On Tue, 16 May 2017, Tiernan Martin wrote:

>> Should the weights be
>> squirreled away inside the object flowing down the pipe?
>
> I'd propose that the that functions be written in such a way that the
> neighbors, weights, and test results can be stored in list cols within the
> data.frame.
>
> This way multiple tests (and their inputs) can be stored in a single,
> easily comprehensible, rectangular data object.
>
> Here's some more pretend code to illustrate that concept with regard to sf:
>
>  nc %>%
>    group_by(NAME) %>%
>    nest %>%
>    mutate(
>           geometry = map(.x = data, ~.x[['geometry']]),
>           neighbors = map(.x = data, .f = my_nb), # creates a list col of
> the neighbors
>           weights = map(.x = data, .f = add_weights), # creates a weights
> object (class=wt, is this a sparse matrix in spdep?)
>           test_moran = map2(.x = data, .y =  weights, .f = my_moran), #
> creates list of Moran's I and sample kurtosis of x
>           test_geary = map2(.x = data, .y = weights, .f = my_geary) #
> creates list of Geary's C and sample kurtosis of x
>               )
>
> #> # A tibble: 100 x 7
> #>           NAME              data         geometry  neighbors  weights
> test_moran test_geary
> #>        <fctr>            <list>           <list>     <list>   <list>
> <list>     <list>
> #>  1        Ashe <tibble [1 x 14]> <simple_feature> <list [2]> <S3: wt>
> <list [2]> <list [2]>
> #>  2   Alleghany <tibble [1 x 14]> <simple_feature> <list [5]> <S3: wt>
> <list [2]> <list [2]>
> #>  3       Surry <tibble [1 x 14]> <simple_feature> <list [4]> <S3: wt>
> <list [2]> <list [2]>
> #>  4   Currituck <tibble [1 x 14]> <simple_feature> <list [2]> <S3: wt>
> <list [2]> <list [2]>
> #>  5 Northampton <tibble [1 x 14]> <simple_feature> <list [3]> <S3: wt>
> <list [2]> <list [2]>
> #>  6    Hertford <tibble [1 x 14]> <simple_feature> <list [6]> <S3: wt>
> <list [2]> <list [2]>
> #>  7      Camden <tibble [1 x 14]> <simple_feature> <list [5]> <S3: wt>
> <list [2]> <list [2]>
> #>  8       Gates <tibble [1 x 14]> <simple_feature> <list [2]> <S3: wt>
> <list [2]> <list [2]>
> #>  9      Warren <tibble [1 x 14]> <simple_feature> <list [5]> <S3: wt>
> <list [2]> <list [2]>
> #> 10      Stokes <tibble [1 x 14]> <simple_feature> <list [2]> <S3: wt>
> <list [2]> <list [2]>
> #> # ... with 90 more rows
>
> Examples of this nested data.frame / list col approach can be found here:
> http://r4ds.had.co.nz/many-models.html#nested-data

Thanks, interesting but really scary. You get numeric output for local 
Moran's I and local Geary, but what will happen next?
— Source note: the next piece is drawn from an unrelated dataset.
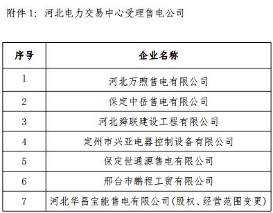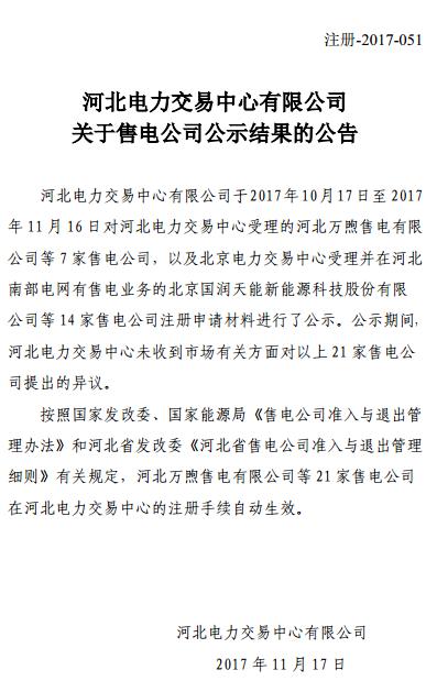 11月17日,河北電力交易中心發布了《關于售電公司公示結果的公告》,公告稱10月17日至11月16日,河北電力交易中心受理河北萬煦售電有限公司等7家售電公司,以及北京電力交易中心受理并在河北南部電網有售電業務的北京國潤天能新能源科技股份有限公司等14家售電公司注冊申請材料進行了公示,公示期間未收到異議,這21家售電公司注冊手續自動生效。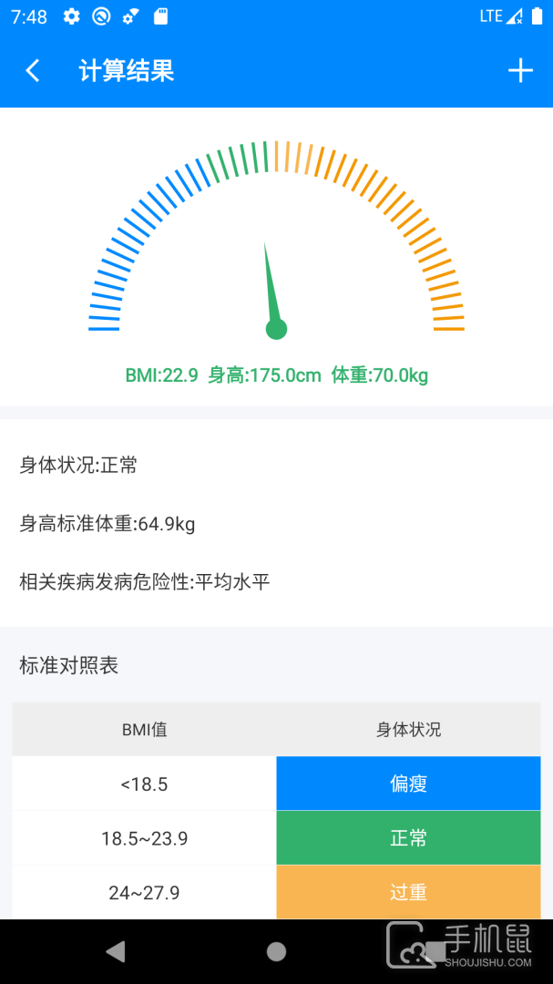 1、它会根据用户的BMI指数来告诉用户,用户的体重偏哪一边

All of these tests assume a correctly specified mean model. Without this 
assumption being met (absence of trends, absence of global spatial 
autocorrelation in the local test case, absence of missing right-hand-side 
variables and absence of incorrect functional forms for these, ...), a map 
pretending to invite "inference" of "hotspots" etc. - collections of 
observations with similar values of the local statistic, will most often 
be highly misleading. This isn't only about whether it is possible to do 
technically, but also about not making it simpler than reason would 
suggest. With a correct mean model, there may not be any (local) spatial 
autocorrelation left. See ?localmoran.sad and ?localmoran.exact, and their 
references, and McMillen (2003) (the McSpatial author). I won't even 
mention the need to adjust p.values for multiple comparisons ...

>
>> Extending this to adding weights to sf objects may be going too far. It
>> seems slightly forced to - say - attach a sparse matrix to an sf geometry
>> column as an attribute, or to add a neighbour nested list column when
>> writing subsetting protection is very far from obvious. Like time series
>> data (not time stamped observations, but real ordered time series),
>> spatial data have implicit order that is tidy in a different way than tidy
>> (graph dependencies between observation rows). Maybe mapped features with
>> attached attribute data are "tidier" than a table, because they would
>> preserve their relative positions?
>
> This seems like the crux of the problem. Are you saying that the orthogonal
> "tidyness" of the tidyverse is fundamentally different from the underlying
> relationships of spatial data, and therefore there's a limit to the
> usefulness of tidyverse approach to spatial analysis?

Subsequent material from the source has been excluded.